Noting that your code has four times the set for loops, I focused on optimizing the inner pair. Here's the old code:
for i in xrange(K.shape[0]): for j in xrange(K.shape[1]): print(i,j) '''create an r vector ''' r=(i*distX,j*distY,z) for x in xrange(img.shape[0]): for y in xrange(img.shape[1]): '''create an ksi vector, then calculate it norm, and the dot product of r and ksi''' ksi=(x*distX,y*distY,z) ksiNorm=np.linalg.norm(ksi) ksiDotR=float(np.dot(ksi,r)) '''calculate the integrand''' temp[x,y]=img[x,y]*np.exp(1j*k*ksiDotR/ksiNorm) '''interpolate so that we can do the integral and take the integral''' temp2=rbs(a,b,temp.real) K[i,j]=temp2.integral(0,n,0,m)

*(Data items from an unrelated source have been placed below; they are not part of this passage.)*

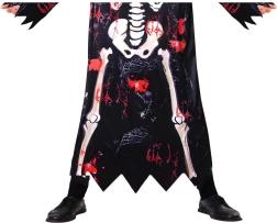 Dlouhý černý plášť s kosterním potiskem a roztřepenými okraji vytváří výrazný efekt, který zaujme na první pohled.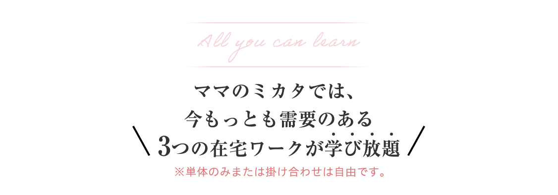 ママのミカタ学校では、「在宅ワークをしたいけれど、どこから始めたらいいかわからない」という声に応えるために、3つのカリキュラムが用意されています。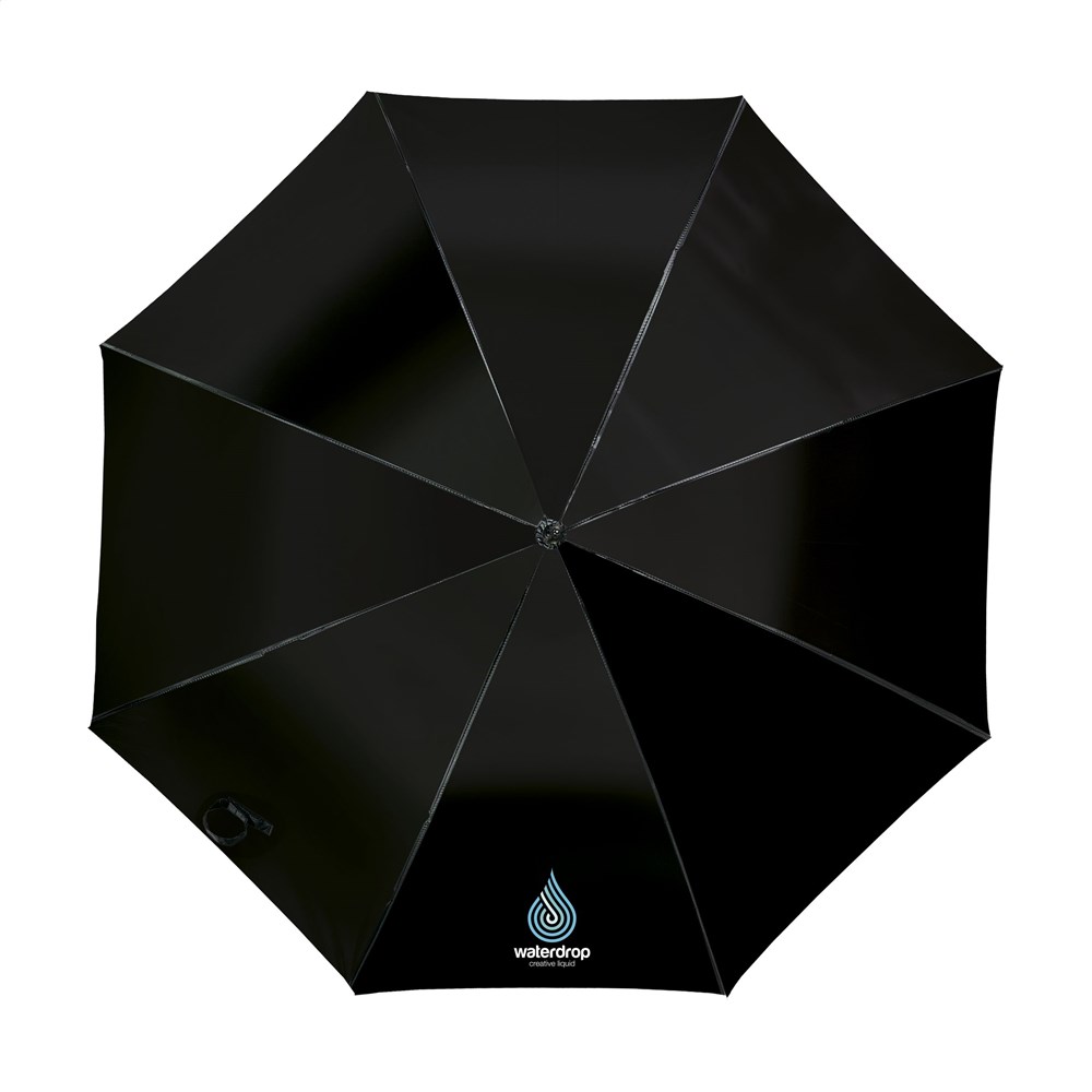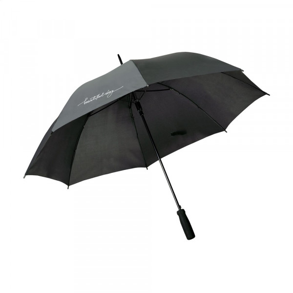 Regenschirm mit automatischer Teleskopöffnung, 190T Polyester-Bespannung, Fiberglasrahmen, Metallschaft, Softgriff und Klettverschluss.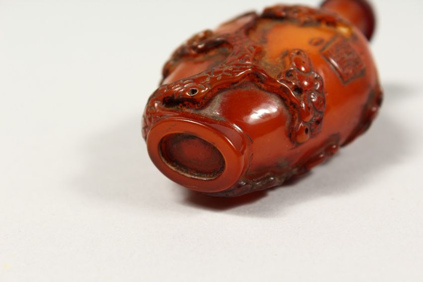 A CHINESE CARVED AMBER SNUFF BOTTLE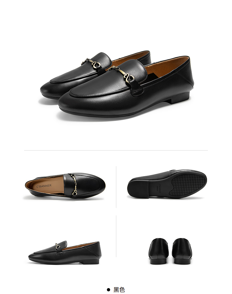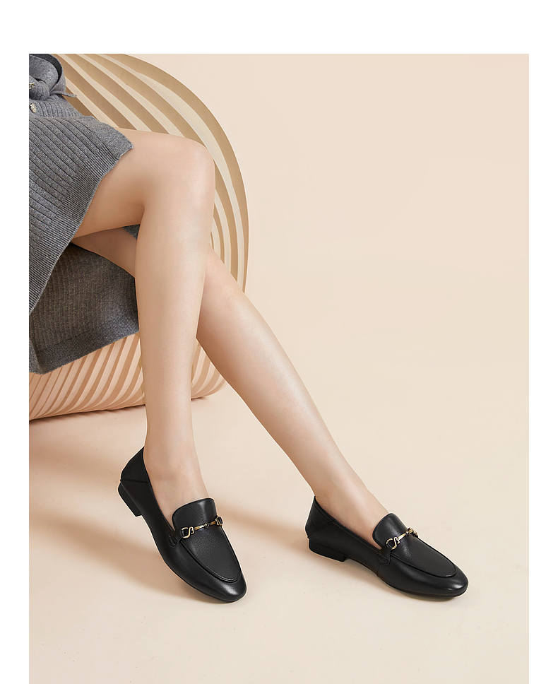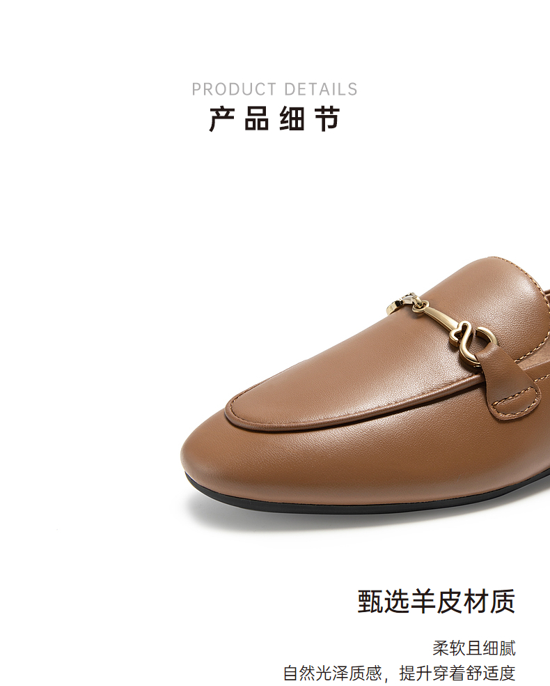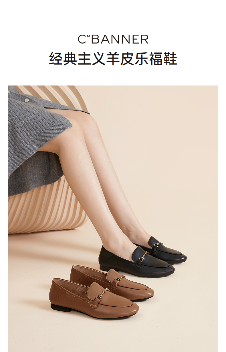 千百度羊皮平底乐福鞋女款秋季通勤浅口单鞋两穿透气舒适A24442765

Since K and img are approximately 2000x2000, the innermost statements must be performed sixteen trillion times. It's just not practical to use Python, but we can port the work to C and / or Fortran using NumPy for vectorization. I took this one thorough step at a time to try to make sure that the results would be consistent; here is what i ended up with:
'''create all r vectors''' R = np.empty((K.shape[0], K.shape[1], 3)) R[:,:,0] = np.repeat(np.arange(K.shape[0]), K.shape[1]).reshape(K.shape) * distX R[:,:,1] = np.arange(K.shape[1]) * distY R[:,:,2] = z '''create all ksi vectors''' KSI = np.empty((img.shape[0], img.shape[1], 3)) KSI[:,:,0] = np.repeat(np.arange(img.shape[0]), img.shape[1]).reshape(img.shape) * distX KSI[:,:,1] = np.arange(img.shape[1]) * distY KSI[:,:,2] = z
The inner pair of cycles is now completely gone, replaced by vectorized operations performed in advance (with a linear amount of space in the dimensions of the inputs).

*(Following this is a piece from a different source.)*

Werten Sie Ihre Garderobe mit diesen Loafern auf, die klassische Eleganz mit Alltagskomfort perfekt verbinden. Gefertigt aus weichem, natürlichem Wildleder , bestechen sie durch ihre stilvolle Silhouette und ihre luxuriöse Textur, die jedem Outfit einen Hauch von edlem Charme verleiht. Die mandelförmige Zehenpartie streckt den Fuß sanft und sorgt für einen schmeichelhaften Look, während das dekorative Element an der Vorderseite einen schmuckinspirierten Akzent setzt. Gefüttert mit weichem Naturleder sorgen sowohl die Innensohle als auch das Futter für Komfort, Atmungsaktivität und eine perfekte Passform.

This reduces the iteration time of the outer two loops from 340 seconds to 1.3 seconds on my Macbook Air 1.6 GHz i5 without using Numba. Of 1.3 seconds per iteration, 0.68 seconds are spent in the rbs function, which is equal to scipy.interpolate.RectBivariateSpline . There are probably opportunities for further optimization - here are a few ideas:
- Repeating Numba. I do not have it in my system. At the moment, this may not greatly affect, but it is easy for you to check.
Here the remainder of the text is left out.